This is the third chapter in our creativity story. Creativity is an intentional process in which we try to change what is into what should be (as is well illustrated by the research described in each of our issues). In February, we considered the importance of motivation, and this month we turn to perception.
We perceive what is before us, but much of what we perceive is only the part that our mind is prepared to perceive. In 1851, Henry David Thoreau noted that astronomers were better served in their quest to define planets, galaxies, and other heavenly phenomena by insightful and experienced perception than by the power of their telescope. Perception is the critical bidirectional interface between external and internal reality, between the world around us and our mental image of it.
Motivationally relevant stimuli drive our behavior. We perceive an existing state and imagine a desired state. Some desired states are conceptually simple and based upon the restoration of a biological set point such as hunger and thirst. Those we generally assign to the realm of creative behavior are less directly linked to a biological set point, yet are still motivated by the same reward systems and achieve their own form of satiety. Creative behavior requires that we perceive what is and imagine a more rewarding what should be.
Each perceptual experience is a unique neurophysiological event generated by the activation of specific neuronal pathways distributed across primary sensory, association, and paralimbic cortices. These collectively constitute our mental image of the outside world (Brain 1998;121:1013–52) and our synchronously experienced inner bodily state (“The Feeling of What Happens: Body, Emotion and the Making of Consciousness” [New York: Harcourt Brace, 1999]).
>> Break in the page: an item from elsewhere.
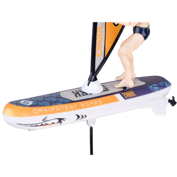 Lepd meg a vízi sportok rajongóit ezzel a valósághű távirányítós szörfdeszkával, amely beépített LED-világítással ragyog a sötétben is. A szörfös figurája valóban mozgatja a vitorlát, így minden kanyar és forduló látványos élményt nyújt a medencében, tóban vagy akár a fürdőkádban.

Each experience activates a specific group of neuronal pathways, resulting in a unique pattern of synaptic facilitation. Synaptic facilitation leaves a lasting physiological trace of the image in our mind, digitized and distributed across all the cortical regions that contributed to the synthesis of the percept. The next time we see the “same thing,” whether it is a familiar face or a shaded contour, synaptic pathways previously facilitated by prior experience of that “same thing” process the new real-time input more quickly, more automatically, and with embellishments of coactivated details from previous similar experiences. By tapping into one piece of a facilitated pathway that constitutes a past perceptual experience, we may be reminded of parts of that past experience, thus contributing to our current experience.
Mental imagery arises from these retained, synaptically facilitated patterns of past perceptions. Conjured mental images may approximate an original percept, or be abstracted by combining select details from multiple experiences, as the philosopher David Hume observed nearly 300 years ago. Mental imagery tasks activate some of the same sensory regions as actual perception (Brain Res. Cogn. Brain Res. 2004;20:226–41), and damage to these brain regions results in both perceptual and mental imagery defects (Brain 1997;120:217–28). Yet, as Hume observed, “these faculties may mimic or copy the perceptions of the senses; but they never entirely reach the force and vivacity of the original sentiment” (Great Books of the Western World, Vol. 35, “An Enquiry Concerning Human Understanding” [Chicago: Encyclopedia Britannica, 1952, pp. 445–509]).
PET and functional MRI activation patterns are similar between perceived imagery and mental imagery, but they are not identical. The reduced clarity and vivacity of mental images compared with perception may reflect a reduced role for primary visual regions in mental imagery, different neuronal subpopulations for each, or another explanation (Psychol. Bull. 2003;129:723–46).
Mirror neurons, initially described in monkeys, encode a form of motor imagery reflecting intention rather than an actual movement. Evidence for mirror neurons in humans comes from several sources, including PET scans of people observing other people imitating their actions, electrical recordings of brain activity in epilepsy patients, and the effects of imagined and observed imitated behavior on the magnetic excitability of the brain (Exp. Brain Res. 1996;111:246–52). An implication of the ability to recognize movement patterns is our ability to generate signals that are understood by the sender and the receiver. If I wave my hand in a way that you recognize, then we both understand I am waving hello.
In a similar way, a shared symbol system based upon sound may have contributed to the evolution of language (Nat. Rev. Neurosci. 2001;2:661–70), which in turn has allowed humans to pass on knowledge from generation to generation.
Imagining what another person is thinking or feeling is another type of mental imagery, called theory of mind. The role of sensory and motor imagery substrates (including mirror neurons) in theory of mind is debated (Trends Cogn. Sci. 1998;2:493–501), but theory of mind is nonetheless important for creative behavior, because if I imagine a course of action that will impact others, it will benefit me to know how it might make them feel.